- **TASK REQUIREMENTS**: Copy the listing in full and exactly, omitting its images.

- **DATA EXCERPT**:
============
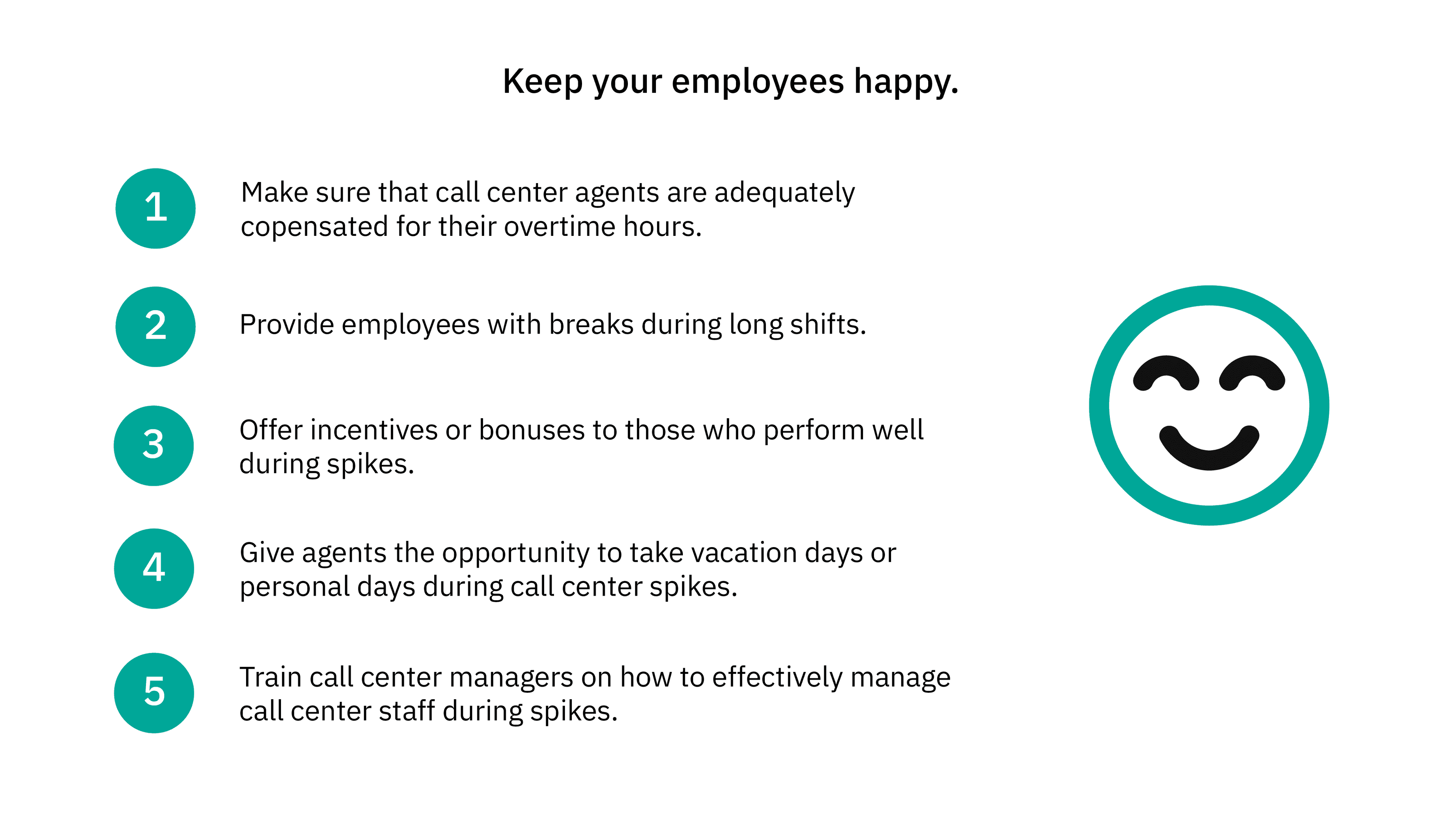 Keeping your employees happy during call center spikes is crucial, as this is a stressful time for them as well. Here are some tips for managing call center staff during spikes:
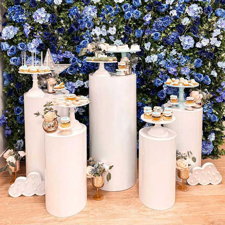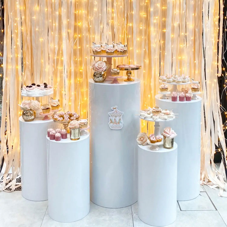 Dezertní stolek s válcovou podnoží slouží jako nádoba i jako ozdoba. Obvykle se dodávají v různých kombinacích: 3dílné kombinace, 5dílné kombinace, 7dílné kombinace a tak dále. Nejčastější kombinací je pět kusů. Nezávislé válcové tubusy různých velikostí lze flexibilně uspořádat a jsou důležitou součástí scény. Zároveň nabízíme také přizpůsobení velikosti a tvaru. Navíc se hodí k vaší party dekorace.
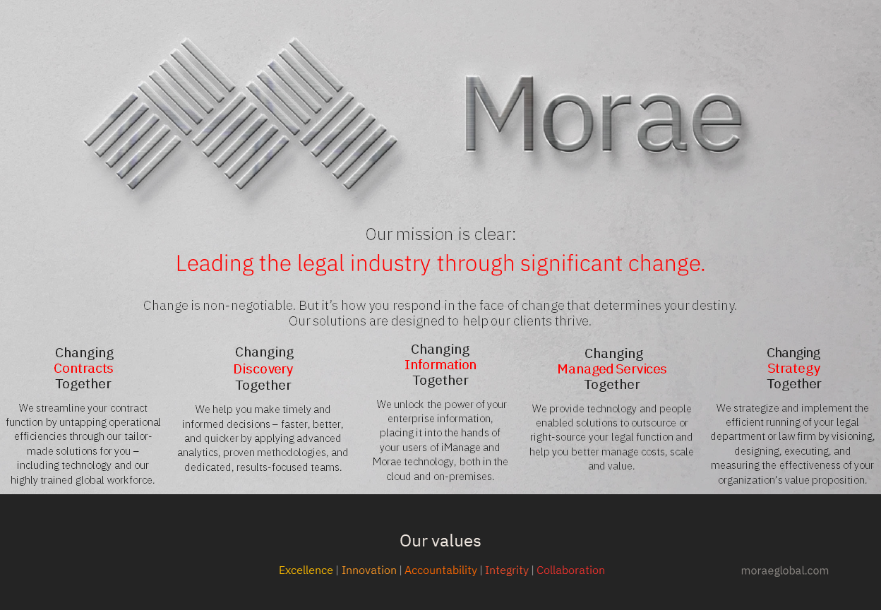 Founded in September 2015, Morae’s evolution as an innovative, technology-enabled legal solutions company – now with a clear new brand – has been marked by impressive growth and market expansion, both organically and acquisitively. Morae’s ensuing success includes an enviable and growing client roster of leading law firms and legal departments.
============
- **EXPECTED ANSWER**:
 Keeping your employees happy during call center spikes is crucial, as this is a stressful time for them as well. Here are some tips for managing call center staff during spikes:
 Dezertní stolek s válcovou podnoží slouží jako nádoba i jako ozdoba. Obvykle se dodávají v různých kombinacích: 3dílné kombinace, 5dílné kombinace, 7dílné kombinace a tak dále. Nejčastější kombinací je pět kusů. Nezávislé válcové tubusy různých velikostí lze flexibilně uspořádat a jsou důležitou součástí scény. Zároveň nabízíme také přizpůsobení velikosti a tvaru. Navíc se hodí k vaší party dekorace.
 Founded in September 2015, Morae’s evolution as an innovative, technology-enabled legal solutions company – now with a clear new brand – has been marked by impressive growth and market expansion, both organically and acquisitively. Morae’s ensuing success includes an enviable and growing client roster of leading law firms and legal departments.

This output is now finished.